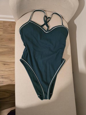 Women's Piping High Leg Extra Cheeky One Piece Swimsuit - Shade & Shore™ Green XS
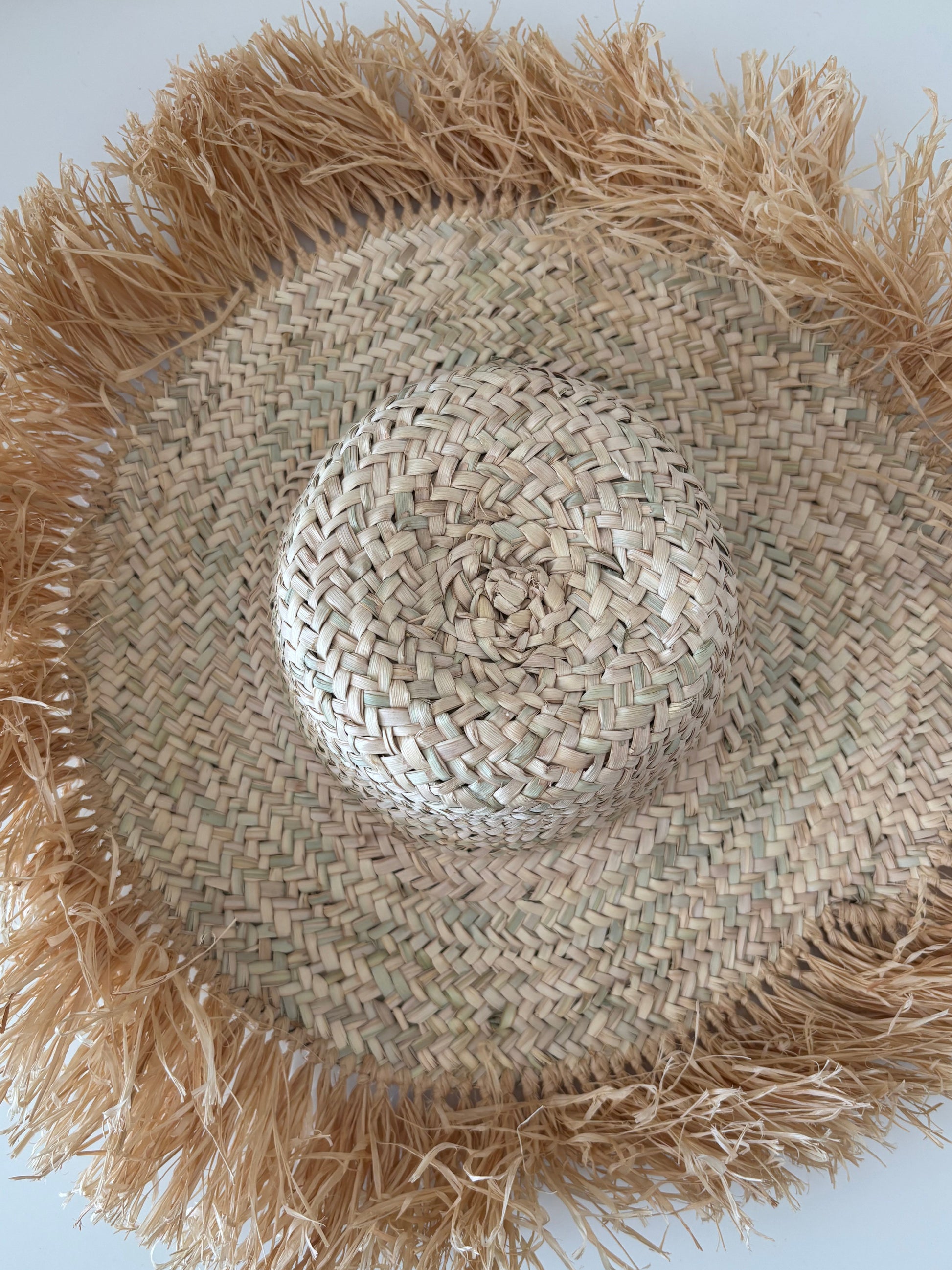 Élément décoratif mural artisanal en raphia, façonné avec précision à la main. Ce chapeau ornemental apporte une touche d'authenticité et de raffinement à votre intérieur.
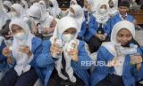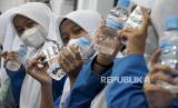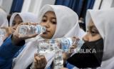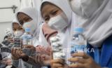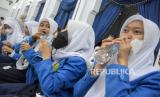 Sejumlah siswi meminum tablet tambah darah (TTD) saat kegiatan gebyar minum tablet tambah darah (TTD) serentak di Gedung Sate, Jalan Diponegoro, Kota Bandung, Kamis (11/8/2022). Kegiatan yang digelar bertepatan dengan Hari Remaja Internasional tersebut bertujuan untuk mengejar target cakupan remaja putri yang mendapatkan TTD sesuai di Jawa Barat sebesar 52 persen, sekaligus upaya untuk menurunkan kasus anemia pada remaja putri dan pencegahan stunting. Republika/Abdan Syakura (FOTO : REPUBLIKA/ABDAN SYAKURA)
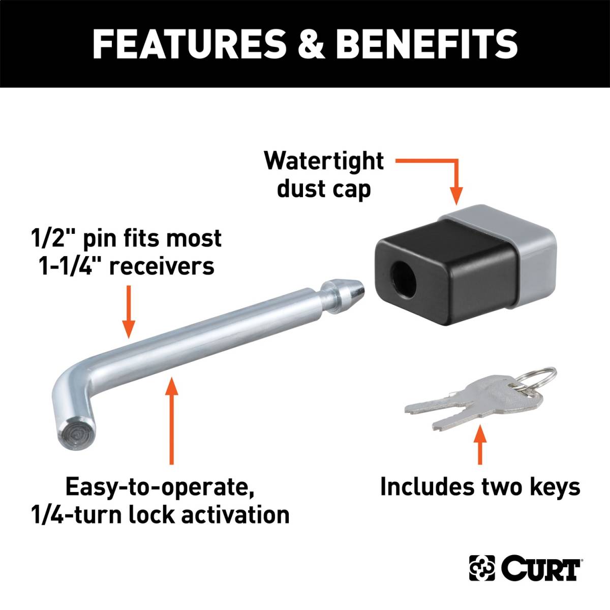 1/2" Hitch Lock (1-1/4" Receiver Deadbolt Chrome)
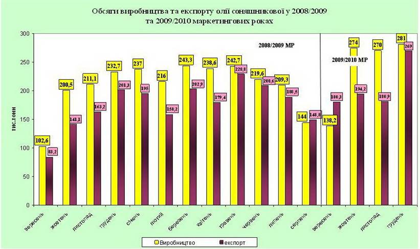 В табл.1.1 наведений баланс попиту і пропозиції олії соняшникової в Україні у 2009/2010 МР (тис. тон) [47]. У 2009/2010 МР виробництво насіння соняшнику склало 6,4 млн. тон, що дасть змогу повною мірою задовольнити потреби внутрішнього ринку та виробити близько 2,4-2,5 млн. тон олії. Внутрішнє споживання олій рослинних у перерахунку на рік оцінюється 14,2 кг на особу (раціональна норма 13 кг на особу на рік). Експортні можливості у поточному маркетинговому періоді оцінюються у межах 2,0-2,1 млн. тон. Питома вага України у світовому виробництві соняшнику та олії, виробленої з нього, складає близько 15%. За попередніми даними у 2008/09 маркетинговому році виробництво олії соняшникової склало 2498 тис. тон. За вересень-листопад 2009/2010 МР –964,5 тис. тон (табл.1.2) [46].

==================================================

Task statement: Your answer should hold every record above, printed exactly and free of pictures.

Your solution:
 Women's Piping High Leg Extra Cheeky One Piece Swimsuit - Shade & Shore™ Green XS
 Élément décoratif mural artisanal en raphia, façonné avec précision à la main. Ce chapeau ornemental apporte une touche d'authenticité et de raffinement à votre intérieur.
 Sejumlah siswi meminum tablet tambah darah (TTD) saat kegiatan gebyar minum tablet tambah darah (TTD) serentak di Gedung Sate, Jalan Diponegoro, Kota Bandung, Kamis (11/8/2022). Kegiatan yang digelar bertepatan dengan Hari Remaja Internasional tersebut bertujuan untuk mengejar target cakupan remaja putri yang mendapatkan TTD sesuai di Jawa Barat sebesar 52 persen, sekaligus upaya untuk menurunkan kasus anemia pada remaja putri dan pencegahan stunting. Republika/Abdan Syakura (FOTO : REPUBLIKA/ABDAN SYAKURA)
 1/2" Hitch Lock (1-1/4" Receiver Deadbolt Chrome)
 В табл.1.1 наведений баланс попиту і пропозиції олії соняшникової в Україні у 2009/2010 МР (тис. тон) [47]. У 2009/2010 МР виробництво насіння соняшнику склало 6,4 млн. тон, що дасть змогу повною мірою задовольнити потреби внутрішнього ринку та виробити близько 2,4-2,5 млн. тон олії. Внутрішнє споживання олій рослинних у перерахунку на рік оцінюється 14,2 кг на особу (раціональна норма 13 кг на особу на рік). Експортні можливості у поточному маркетинговому періоді оцінюються у межах 2,0-2,1 млн. тон. Питома вага України у світовому виробництві соняшнику та олії, виробленої з нього, складає близько 15%. За попередніми даними у 2008/09 маркетинговому році виробництво олії соняшникової склало 2498 тис. тон. За вересень-листопад 2009/2010 МР –964,5 тис. тон (табл.1.2) [46].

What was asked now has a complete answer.